▶ [Task directions] Set down a true copy of the data, with all pictures left out.

▶ [Input records]
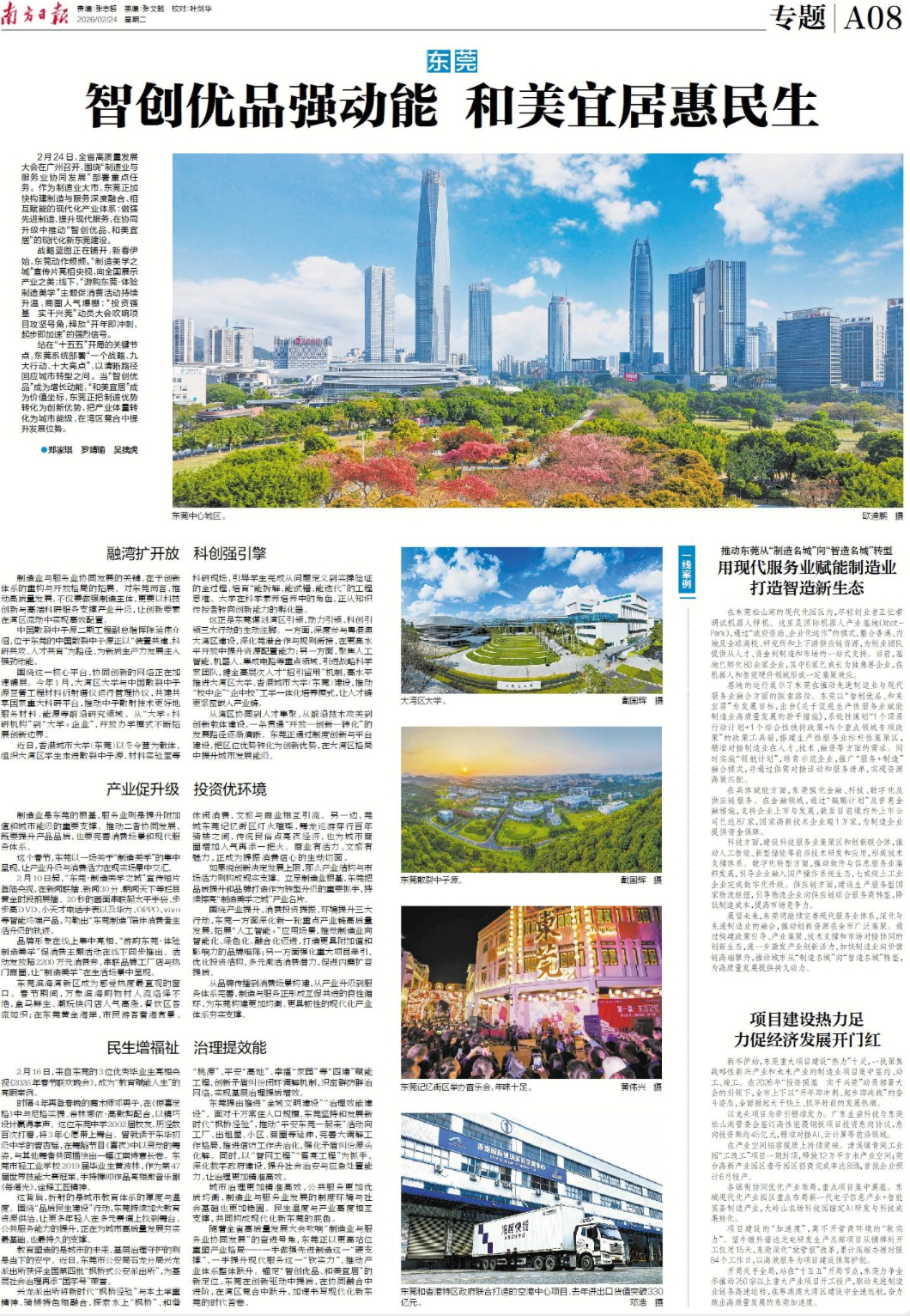 随着全省高质量发展大会吹响“制造业与服务业协同发展”的奋进号角,东莞正以更高站位重塑产业格局——一手做强先进制造这一“硬支撑”,一手提升现代服务这一“软实力”,推动产业体系整体跃升。锚定“智创优品、和美宜居”的新定位,东莞在创新驱动中提质,在协同融合中进阶,在湾区竞合中跃升,加速书写现代化新东莞的时代答卷。
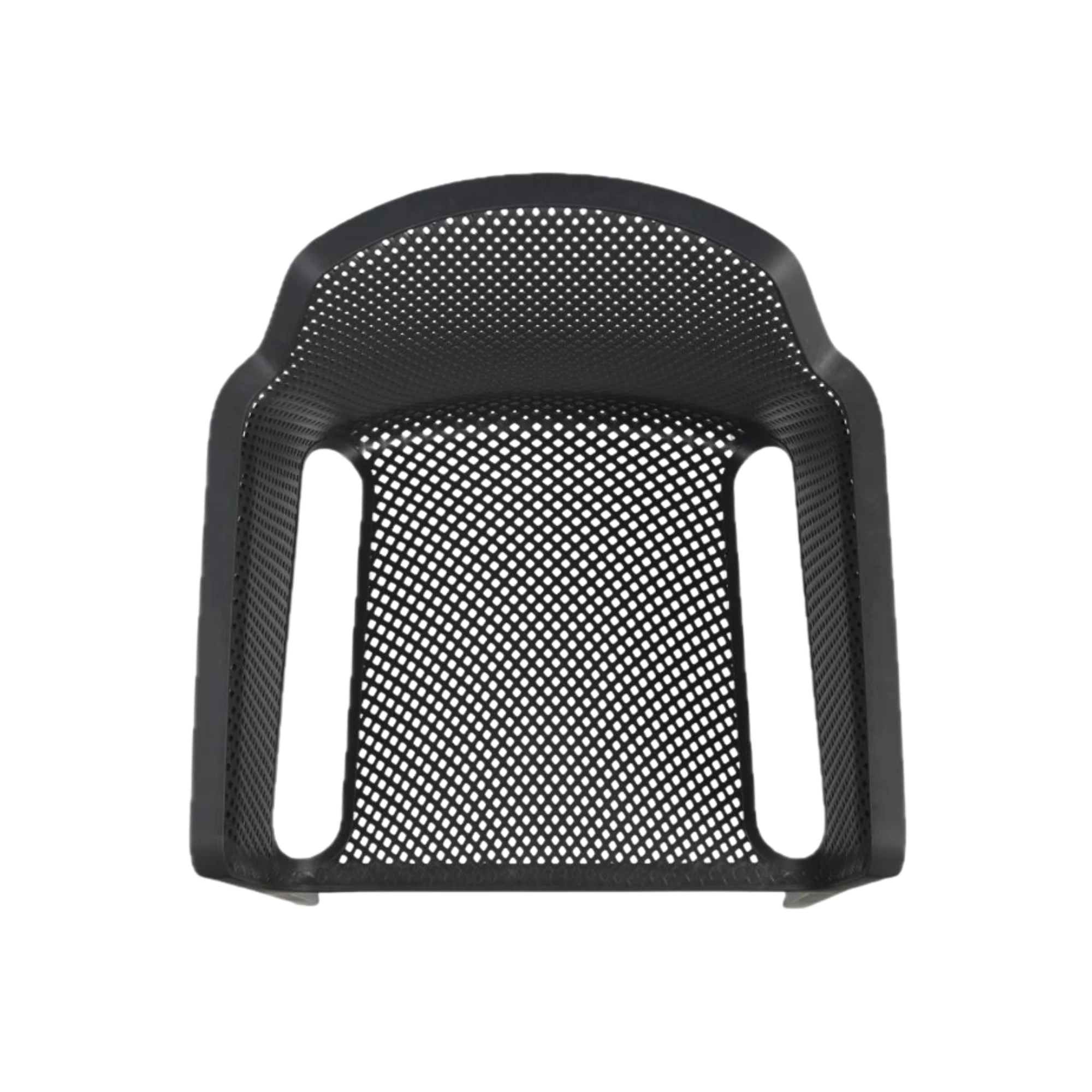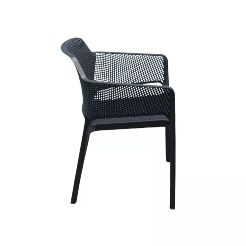 Net este un scaun de exterior modern, destinat locațiilor horeca, cu cadru monobloc din polipropilenă și brațe. Decorat cu un model radial perforat pe toată suprafața șezutului și spătarului. Disponibil în mai multe culori, rezistent la UV și intemperii, cu finisaj mat.
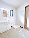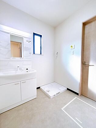 【リフォーム済・即入居可】洗面所です。新品の洗面化粧台洗面家設置、洗濯機用防水パンを設置しました。床はトイレ同様のクッションフロアです。
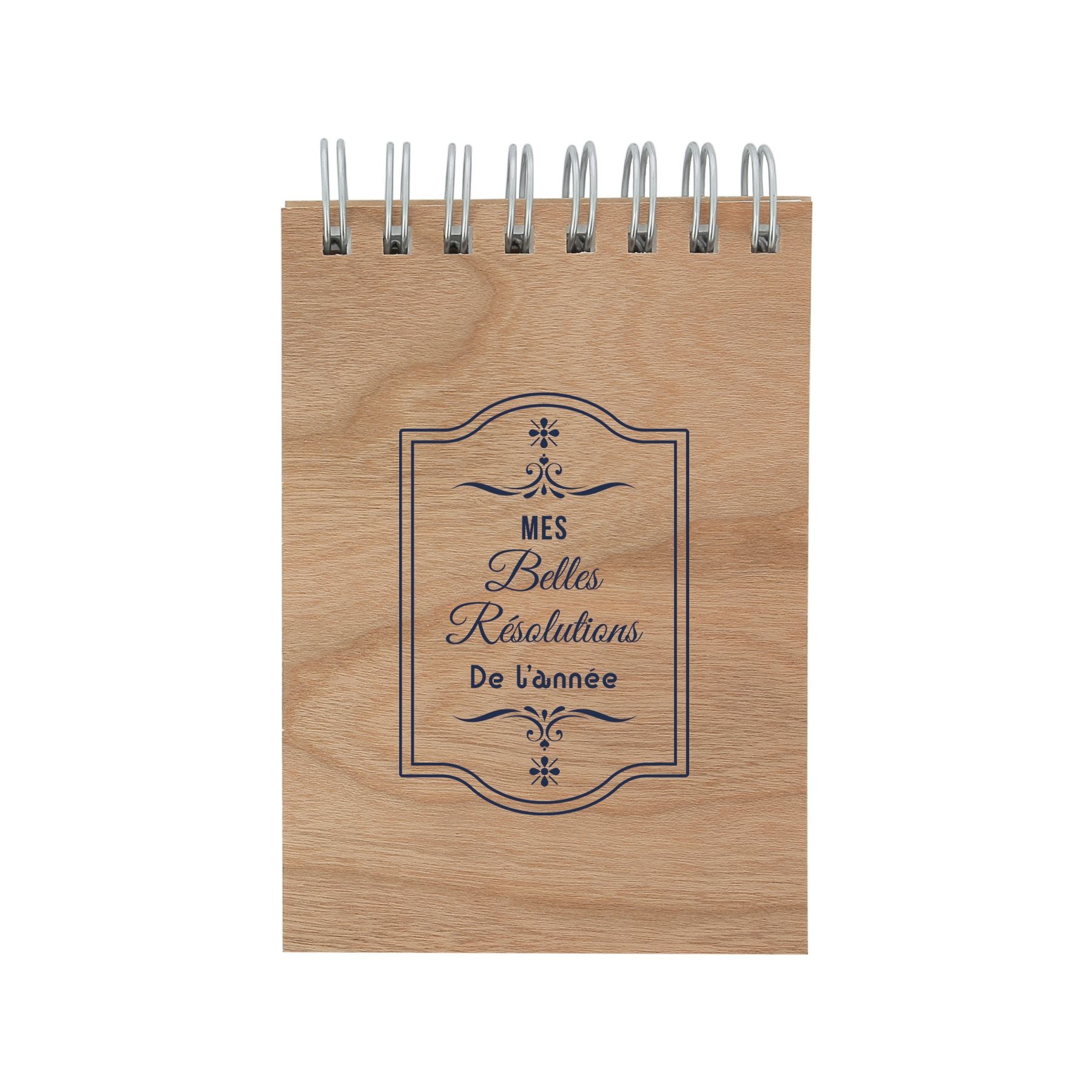 Matières :Couverture = Papier laser bois – Bois de Cerisie Bloc A7 = papier vierge, 70 feuilles en papier 100% recycl Spirales métalliques
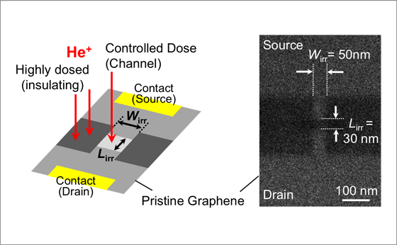 In the technique developed in this research, a helium ion beam is irradiated on graphene using a helium ion microscope to artificially introduce a low concentration of crystal defects, and it becomes possible to modulate the conduction of electrons and holes in the graphene by applying a voltage to the gate electrode. Although this phenomenon of conduction control by introduction of crystal defects had been predicted theoretically, there were no experimental development in which on/off operation at room temperature was achieved experimentally. It would be possible to introduce the technique developed in this work in the existing framework of production technology, including large area wafers.
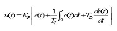 圖3 微分控制器曲線 微分反應(yīng)了偏差信號的變化規(guī)律,或者說是變化趨勢,偏差的微分實際偏差的變化速率,變化越快,其微分絕對值越大。偏差增大時,其微分為正;偏差減小時,其微分為負(fù)?刂破鬏敵隽康奈⒎植糠峙c誤差的微分成正比,反映了被控量變化的趨勢。根據(jù)偏差信號的變化趨勢來進(jìn)行超前調(diào)節(jié),從而增加了系統(tǒng)的快速性。Td值越大,超前控制作用就會越明顯,可以在做到提前控制。比例僅僅是偏差的放大增幅,表示當(dāng)前調(diào)節(jié)參數(shù),微分是預(yù)測偏差的變化,相當(dāng)于提前加入了控制數(shù)據(jù)。在比例微分調(diào)節(jié)器中,能夠提前控制偏差,也有可能出現(xiàn)負(fù)值,避免了惰性系統(tǒng)的超調(diào)現(xiàn)象。 一、PID算法內(nèi)容 2.1 PID算法選擇 PID算法中有比例積分調(diào)節(jié)(PI),比例微分調(diào)節(jié)器(PD),可根據(jù)系統(tǒng)要求進(jìn)行選擇,通常為了改善調(diào)節(jié)品質(zhì),往往把比例、積分、微分三種作用組合起來,形成PID調(diào)節(jié)器。理想的PID微分方程為:
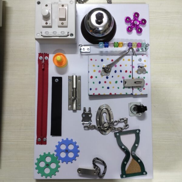 BUSY BOARD 6 AGE: 1 YEAR+ POINTS: 2 https://www.instagram.com/reel/C5p-0Pgp0eR/?hl=en See also different: COLOUR SORTING CUPS NO. 1941 SENSORY MAT 1 No. 912 DIGITAL BOARD No. 238 << return to products

▶ [Answer box]
 随着全省高质量发展大会吹响“制造业与服务业协同发展”的奋进号角,东莞正以更高站位重塑产业格局——一手做强先进制造这一“硬支撑”,一手提升现代服务这一“软实力”,推动产业体系整体跃升。锚定“智创优品、和美宜居”的新定位,东莞在创新驱动中提质,在协同融合中进阶,在湾区竞合中跃升,加速书写现代化新东莞的时代答卷。
 Net este un scaun de exterior modern, destinat locațiilor horeca, cu cadru monobloc din polipropilenă și brațe. Decorat cu un model radial perforat pe toată suprafața șezutului și spătarului. Disponibil în mai multe culori, rezistent la UV și intemperii, cu finisaj mat.
 【リフォーム済・即入居可】洗面所です。新品の洗面化粧台洗面家設置、洗濯機用防水パンを設置しました。床はトイレ同様のクッションフロアです。
 Matières :Couverture = Papier laser bois – Bois de Cerisie Bloc A7 = papier vierge, 70 feuilles en papier 100% recycl Spirales métalliques
 In the technique developed in this research, a helium ion beam is irradiated on graphene using a helium ion microscope to artificially introduce a low concentration of crystal defects, and it becomes possible to modulate the conduction of electrons and holes in the graphene by applying a voltage to the gate electrode. Although this phenomenon of conduction control by introduction of crystal defects had been predicted theoretically, there were no experimental development in which on/off operation at room temperature was achieved experimentally. It would be possible to introduce the technique developed in this work in the existing framework of production technology, including large area wafers.
 圖3 微分控制器曲線 微分反應(yīng)了偏差信號的變化規(guī)律,或者說是變化趨勢,偏差的微分實際偏差的變化速率,變化越快,其微分絕對值越大。偏差增大時,其微分為正;偏差減小時,其微分為負(fù)?刂破鬏敵隽康奈⒎植糠峙c誤差的微分成正比,反映了被控量變化的趨勢。根據(jù)偏差信號的變化趨勢來進(jìn)行超前調(diào)節(jié),從而增加了系統(tǒng)的快速性。Td值越大,超前控制作用就會越明顯,可以在做到提前控制。比例僅僅是偏差的放大增幅,表示當(dāng)前調(diào)節(jié)參數(shù),微分是預(yù)測偏差的變化,相當(dāng)于提前加入了控制數(shù)據(jù)。在比例微分調(diào)節(jié)器中,能夠提前控制偏差,也有可能出現(xiàn)負(fù)值,避免了惰性系統(tǒng)的超調(diào)現(xiàn)象。 一、PID算法內(nèi)容 2.1 PID算法選擇 PID算法中有比例積分調(diào)節(jié)(PI),比例微分調(diào)節(jié)器(PD),可根據(jù)系統(tǒng)要求進(jìn)行選擇,通常為了改善調(diào)節(jié)品質(zhì),往往把比例、積分、微分三種作用組合起來,形成PID調(diào)節(jié)器。理想的PID微分方程為:
 BUSY BOARD 6 AGE: 1 YEAR+ POINTS: 2 https://www.instagram.com/reel/C5p-0Pgp0eR/?hl=en See also different: COLOUR SORTING CUPS NO. 1941 SENSORY MAT 1 No. 912 DIGITAL BOARD No. 238 << return to products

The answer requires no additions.